Here at TUG we encourage each Member to be courteous to other Members and we ask that Guests take the time to also let everyone know when they have no further need of assistance.


----------



## Goofyhobbie

*Wow!  I Sure Missed That One!*

Eal,

As you know, a Moderator tries hard to make sure that all is going well throughout the BBS.  In my capacity as a Moderator, I can sometimes take criticism meant in jest too seriously. 

As you correctly pointed out I misspelled the key word in the title line of this thread, spelling it as courtsey rather than the correct *courtesy.* You obviously meant to call that fact to my attention and I failed to realize what you were trying to tell me. 
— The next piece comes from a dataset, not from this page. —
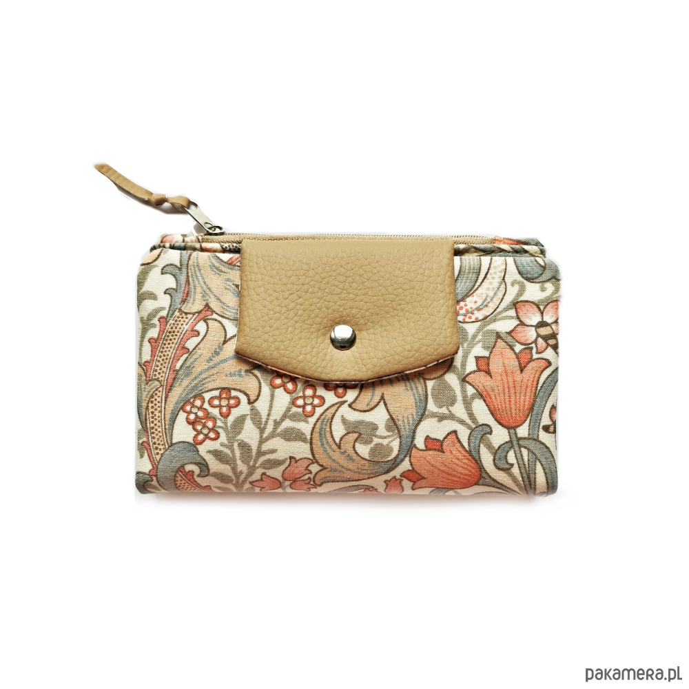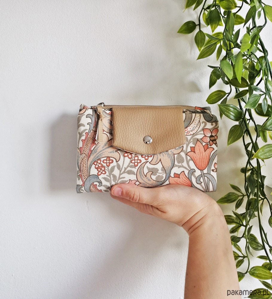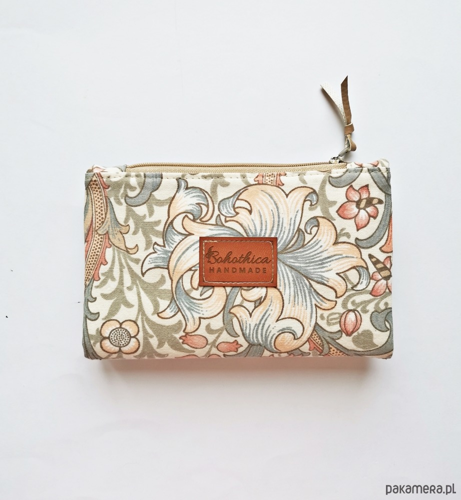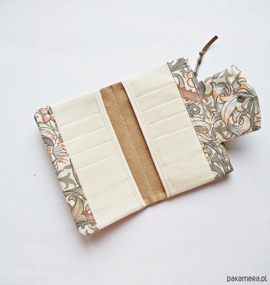 Pojemny portfel uszyty został z grubej zasłony z drugiej ręki w piękny roślinny wzór, zaprojektowany przez znanego Williama Morrisa.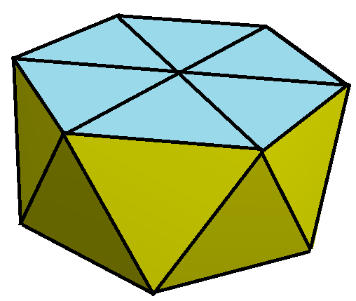 이 집합에는 삼각형 다면체인 경우가 두 가지 있다. 즉, 완전히 정삼각형으로만 구성된 다면체는 존슨의 다면체인 비틀어 늘린 사각쌍뿔과 플라톤의 다면체인 정이십면체이다. ''비틀어 늘린 삼각쌍뿔''은 정삼각형으로 만들 수는 있지만, 동일 평면에 있는 면 때문에 엄밀히 볼록하지 않다. 따라서 삼각형 다면체는 아니다. 삼각형들의 쌍은 마름모로 합쳐져서 엇삼각쌍뿔로 볼 수 있다.

I did not pick up on the mistake until another TUGGER was kind enough to advise me through a Personal Message that I had made the error.  As we all have learned it is easy to misspell a word or two from time to time; but usually the overall meaning comes through clearly.

For anyone who has never noticed, sometimes a complete paragraph with a lot of words misspelled can still be clearly read at least by the human eye. 



> Aoccdrnig to rseerach at Cmabrigde Uinervtisy, it deosn't mttaer in waht oredr the ltteers in a wrod are, the olny iprmoatnt tihng is taht the frist and lsat ltteer be at the rghit pclae. The rset can be a total mses and you can sitll raed it wouthit porbelm. Tihs is bcuseae the huamn mnid deos not raed ervey lteter by istlef, but the wrod as a wlohe. Amzanig huh?



I again apologize for the confusion caused by my initial error and I apologize for not correcting the Title misspelling until now.  It is way too easy to make typographical errors when posting on the BBS; but most of us try our best to get it right most of the time.


----------



## eal

Sorry, I must have too much of the royal wedding on the brain...


----------



## Smooth Air

How do I change the title of my ad to advise that I am withdrawing my ad?
Is it possible to change the title of my original ad?

Smooth Air


----------



## gwspops

Can you please provide a readily accessible button to mark the listing as closed, etc?

Posting another message just moves the ad to the top, which is the opposite of what we are trying to do out here.


----------



## DeniseM

gwspops said:


> Can you please provide a readily accessible button to mark the listing as closed, etc?
> 
> Posting another message just moves the ad to the top, which is the opposite of what we are trying to do out here.



Only Mods can close posts, or edit them after 48 hours, but if you contact a Mod, we'd be happy to help you do that.

If you are within 48 hours, just click EDIT and then ADVANCED EDIT, and you can edit your own title.


----------